*What needs to be done:*
This calls for a verbatim copy of all the data, with no images carried over.

*Given information:*
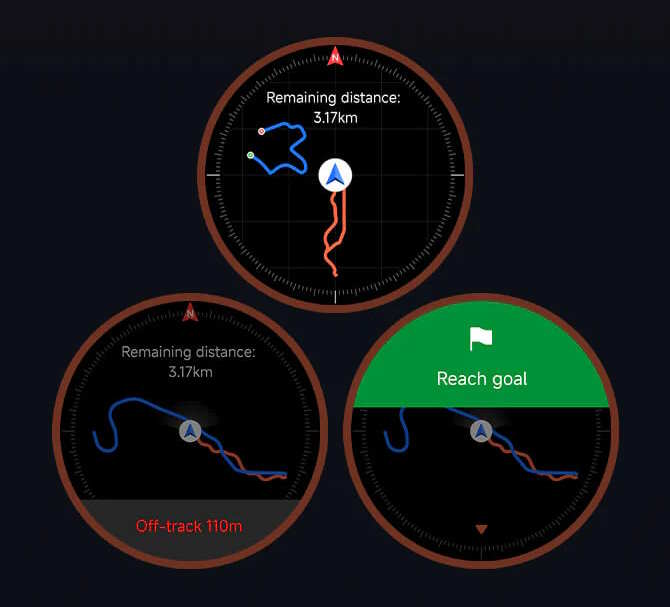 Ausgestattet ist die Uhr mit einem GNSS-Modul, wobei dieses sowohl im L1- als auch L5-Band agieren kann - das verspricht tendenziell eine höhere Qualität der Ortung. Die Uhr unterstützt nicht die Anzeige von lokal vorgehaltenem Kartenmaterial, allerdings lassen sich GPS-Tracks in verschiedenen Formaten auf die Uhr bringen. Bei Abweichungen können sich Nutzer informieren lassen, allerdings kann die Uhr dann nicht etwa einen alternativen Weg suchen.
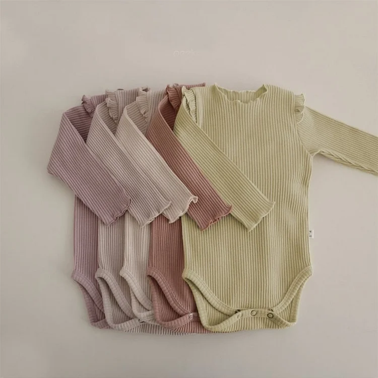 [66-90cm] 韓国風 シンプル リブ ロンパース
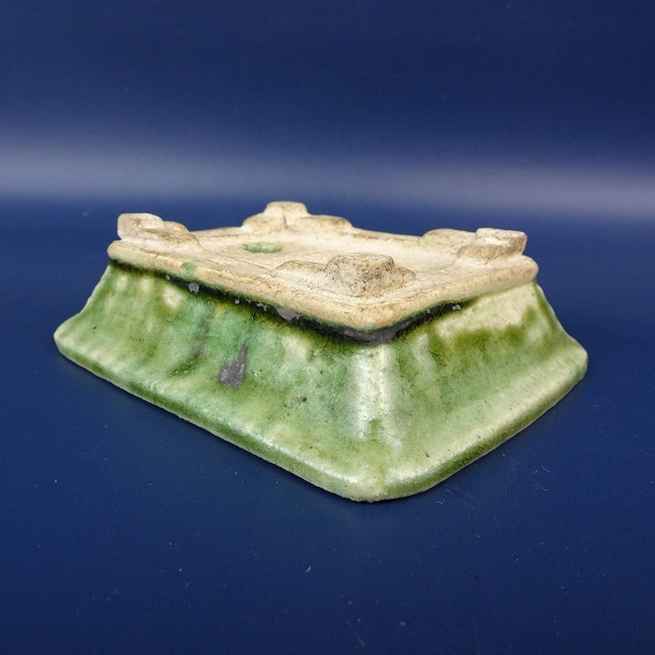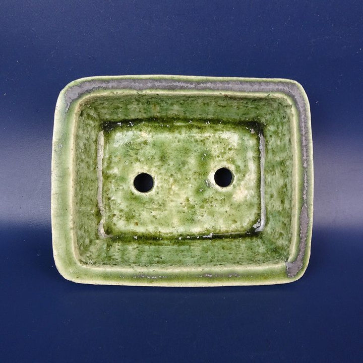 【中古】盆栽鉢 翠園 小型 長辺 約10.8cm 長方鉢 外縁 釉薬 現品 中古鉢...

*Exercise output:*
 Ausgestattet ist die Uhr mit einem GNSS-Modul, wobei dieses sowohl im L1- als auch L5-Band agieren kann - das verspricht tendenziell eine höhere Qualität der Ortung. Die Uhr unterstützt nicht die Anzeige von lokal vorgehaltenem Kartenmaterial, allerdings lassen sich GPS-Tracks in verschiedenen Formaten auf die Uhr bringen. Bei Abweichungen können sich Nutzer informieren lassen, allerdings kann die Uhr dann nicht etwa einen alternativen Weg suchen.
 [66-90cm] 韓国風 シンプル リブ ロンパース
 【中古】盆栽鉢 翠園 小型 長辺 約10.8cm 長方鉢 外縁 釉薬 現品 中古鉢...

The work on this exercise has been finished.